Unless otherwise specified, references to "Rules" refer to the Federal Rules of Civil Procedure. --------
On September 21, 2015, Plaintiffs filed their second motion to compel responses to the same requests. Docket No. 31. Plaintiffs asked the Court to require Defendant "to produce any and all internal affairs documents regarding prior incidents of use of force against dogs in response to Request Nos. 10 and 15." Id. at 14.
On October 22, 2015, after the motion was fully briefed, the Court ordered Defendant to produce documents responsive to Requests 10 and 15 to the Court's chambers for in camera review. Docket No. 37. As is relevant here, the Court ordered Defendant to produce "all internal affairs documents regarding prior incidents involving the use of force against dogs by NLVPD officers in Response to Request Nos. 10, 15." Id . On October 28, 2015, at Defendant's request, the Court extended the deadline to submit the documents to November 19, 2015. Docket No. 39.
On December 7, 2015, after reviewing the voluminous documents in camera, the Court granted in part and denied in part Plaintiffs' motion to compel, overruling Defendant's relevancy and privilege objections.
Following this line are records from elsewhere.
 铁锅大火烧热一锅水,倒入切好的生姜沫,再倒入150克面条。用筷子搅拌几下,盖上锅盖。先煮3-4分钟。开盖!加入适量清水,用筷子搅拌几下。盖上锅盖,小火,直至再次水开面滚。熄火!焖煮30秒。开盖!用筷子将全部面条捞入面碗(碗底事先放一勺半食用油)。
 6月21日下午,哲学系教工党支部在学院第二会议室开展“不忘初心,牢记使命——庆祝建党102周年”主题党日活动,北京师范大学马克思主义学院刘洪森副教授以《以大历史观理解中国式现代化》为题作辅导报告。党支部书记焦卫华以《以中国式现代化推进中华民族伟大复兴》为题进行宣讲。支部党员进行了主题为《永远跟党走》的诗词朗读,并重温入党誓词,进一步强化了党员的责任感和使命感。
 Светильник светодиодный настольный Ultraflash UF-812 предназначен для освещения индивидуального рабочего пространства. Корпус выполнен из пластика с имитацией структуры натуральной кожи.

Id. at 2-10. Specifically, the Court ordered that:
Defendants shall produce Defendants' Production of Documents for In Camera Review Set Two to Plaintiffs, except for the Armorer's Inspection Check Lists . . . which are irrelevant here as there is no allegation that any weapon malfunctioned. Further, Defendants shall redact, prior to production, any personal information of any civilian person not a party to the instant case.Id . at 9. Defendant produced the documents. See, e.g., Docket No. 60 at 23.
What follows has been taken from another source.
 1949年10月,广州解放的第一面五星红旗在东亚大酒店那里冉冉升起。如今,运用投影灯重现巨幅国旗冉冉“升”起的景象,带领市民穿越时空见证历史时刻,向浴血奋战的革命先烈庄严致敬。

On February 4, 2016, Plaintiffs filed their fourth motion to compel in this matter seeking additional documents responsive to Requests for Production 10 and 15. Docket No. 60. In particular, Plaintiffs complain that Defendant only produced the subject documents up to the date of the incident and ask the Court to compel Defendant to produce any documents in response to Requests 10 and 15 from after the subject incident until February 13, 2015. Docket No. 60 at 23. Defendant responds that "Plaintiffs seem dissatisfied with the Court order and now seek to amend the ruling." Docket No. 69 at 15.
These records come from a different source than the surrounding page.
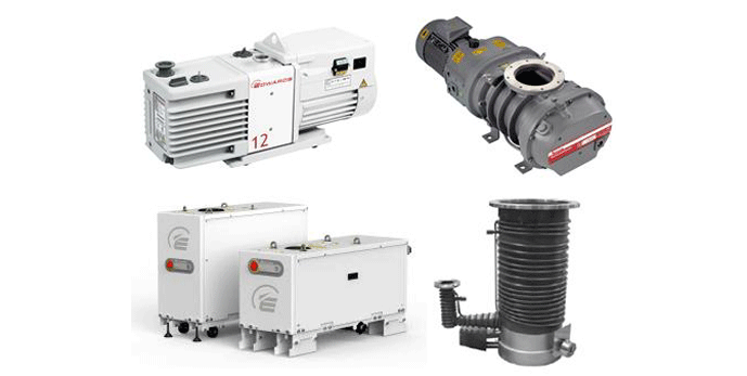 Typical vacuum pumps found in a heat treat shop, top left to lower right: rotary vane oil pump, roots blower, dry screw pump, and diffusion pump (courtesy of Edwards Vacuum)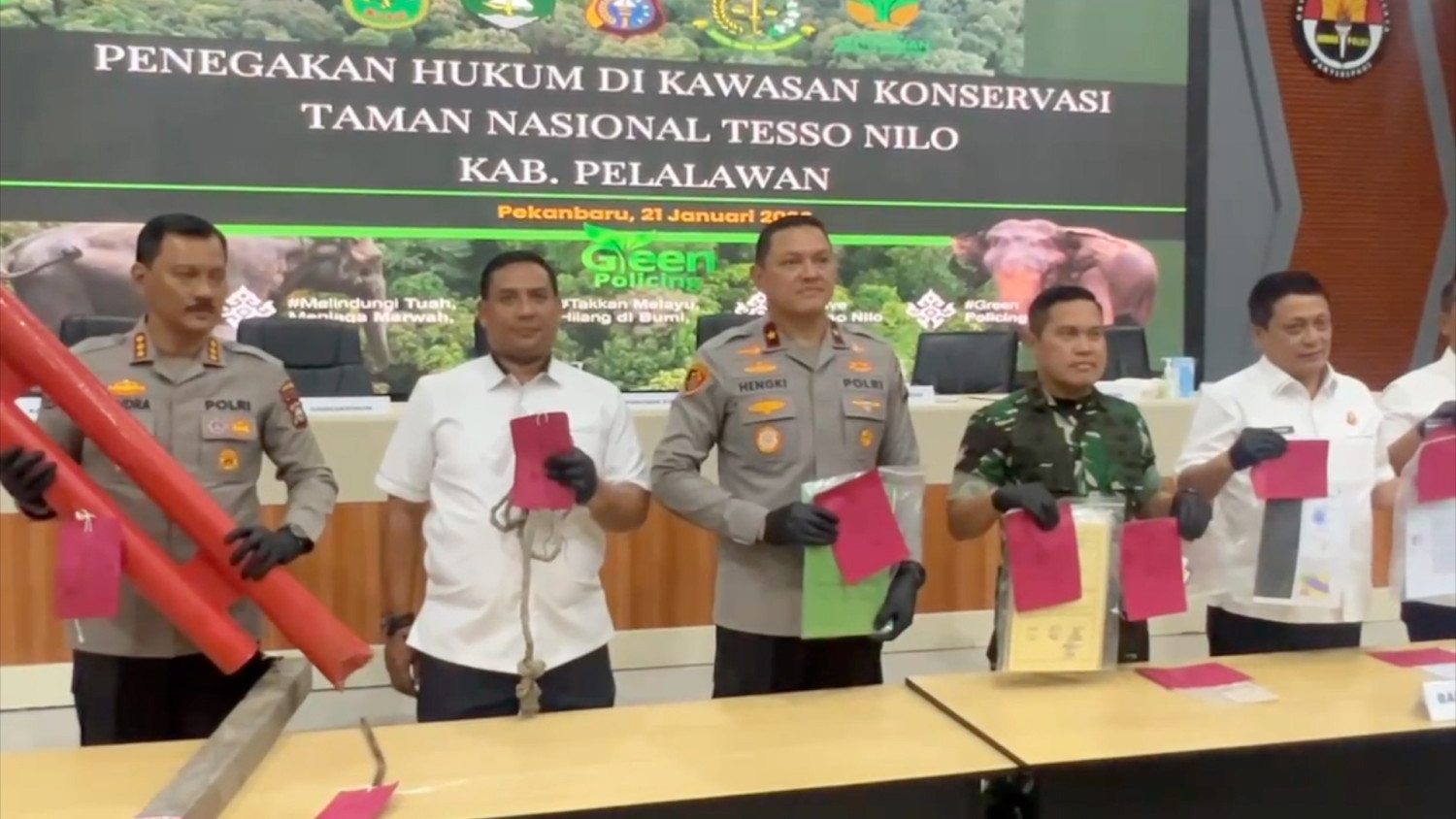 ANTARA - Polda Riau, Rabu (21/1), menetapkan sembilan orang tersangka dalam kasus perusakan fasilitas Satgas Penertiban Kawasan Hutan di kawasan Taman Nasional Tesso Nilo, Kabupaten Pelalawan. Penetapan ini merupakan bagian dari upaya penegakan hukum dalam pemulihan fungsi kawasan Tesso Nilo sebagai hutan konservasi. (Annisa Firdausi/Chairul Fajri/Farah Khadija)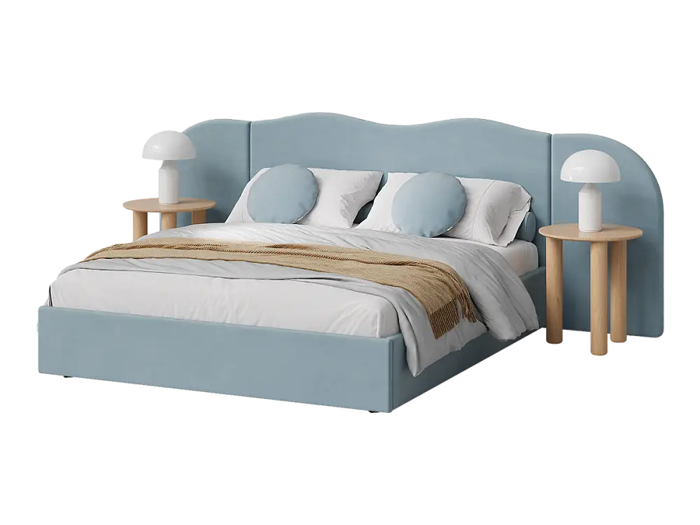 Кровать двуспальная мягкая ONDUTTO, широкое изголовье волна 160х200 с подъемным механизмом и ящиком для хранения голубой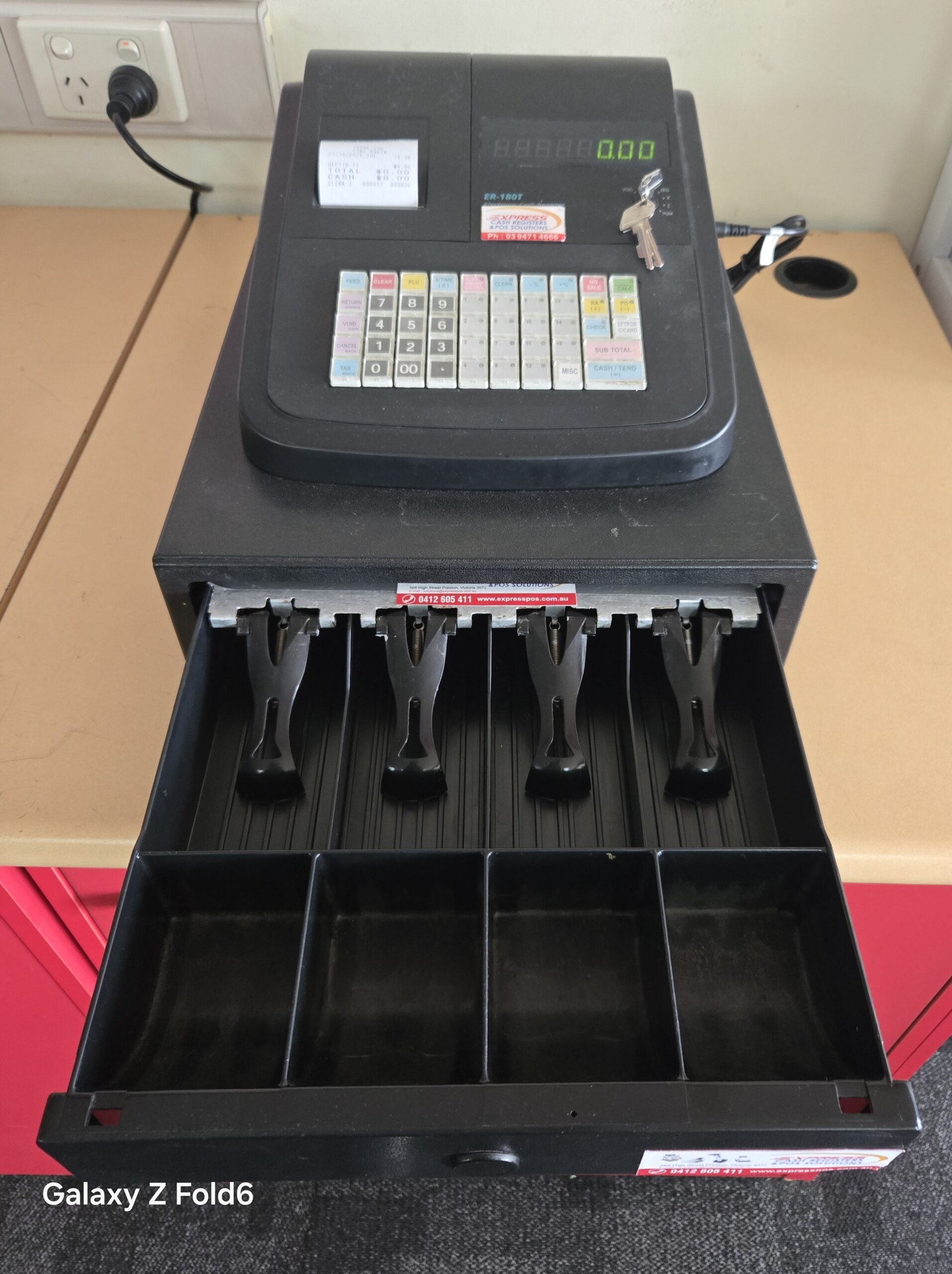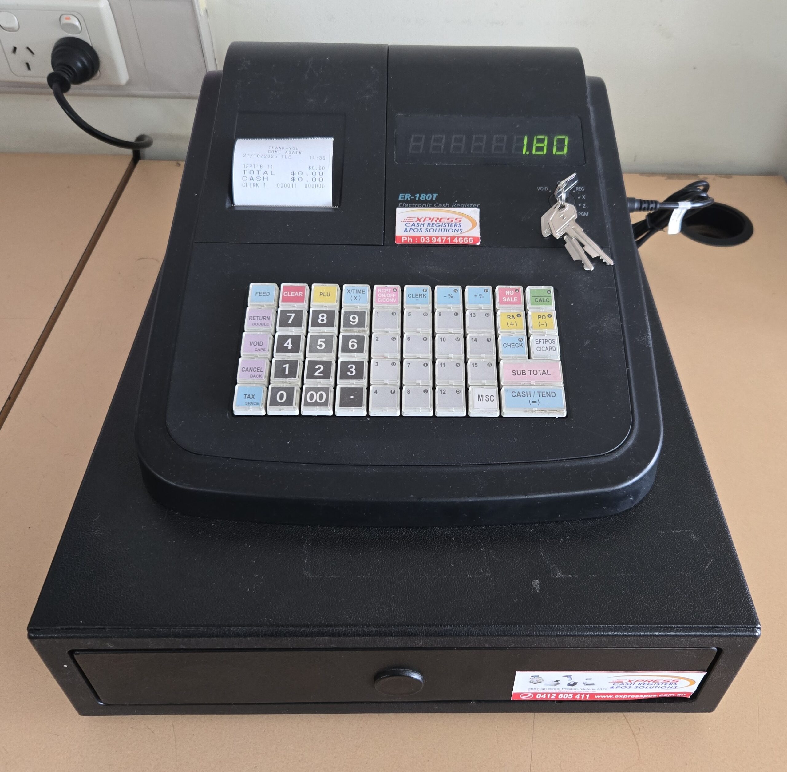 - Created by Sam4s, this ER-180T cash register is a single Station Cash Register that is both rugged and reliable in operation. A thermal printer means that you will never have to replace costly ink cartridges and the SMALL cash drawer allows you to take cash. The ER-180T has the ability to operate up to 16 departments and 500 Price Lookups. You also have the option to switch off the automatic printing of after sale receipts and only provide them if requested by your customer: this minimizes waste and saves you money. Preset for Australian GST and standard usage.

The Court finds that Defendant failed to comply with its prior order. The Court specifically ordered Defendant to produce certain documents in camera, as requested in Request No. 10. That request specifically places a time limitation of February 13, 2013, through February 13, 2015. Docket No. 61-11 at 7. Defendant clearly understood that the Court's order required it to produce documents for in camera review that were responsive to Request 10, from February 13, 2010 to February 13, 2015. Docket No. 38 at 2. Despite this clear understanding, however, Defendant produced responsive documents solely from 2010 to the date of the incident, September 14, 2012. Docket No. 69 at 9.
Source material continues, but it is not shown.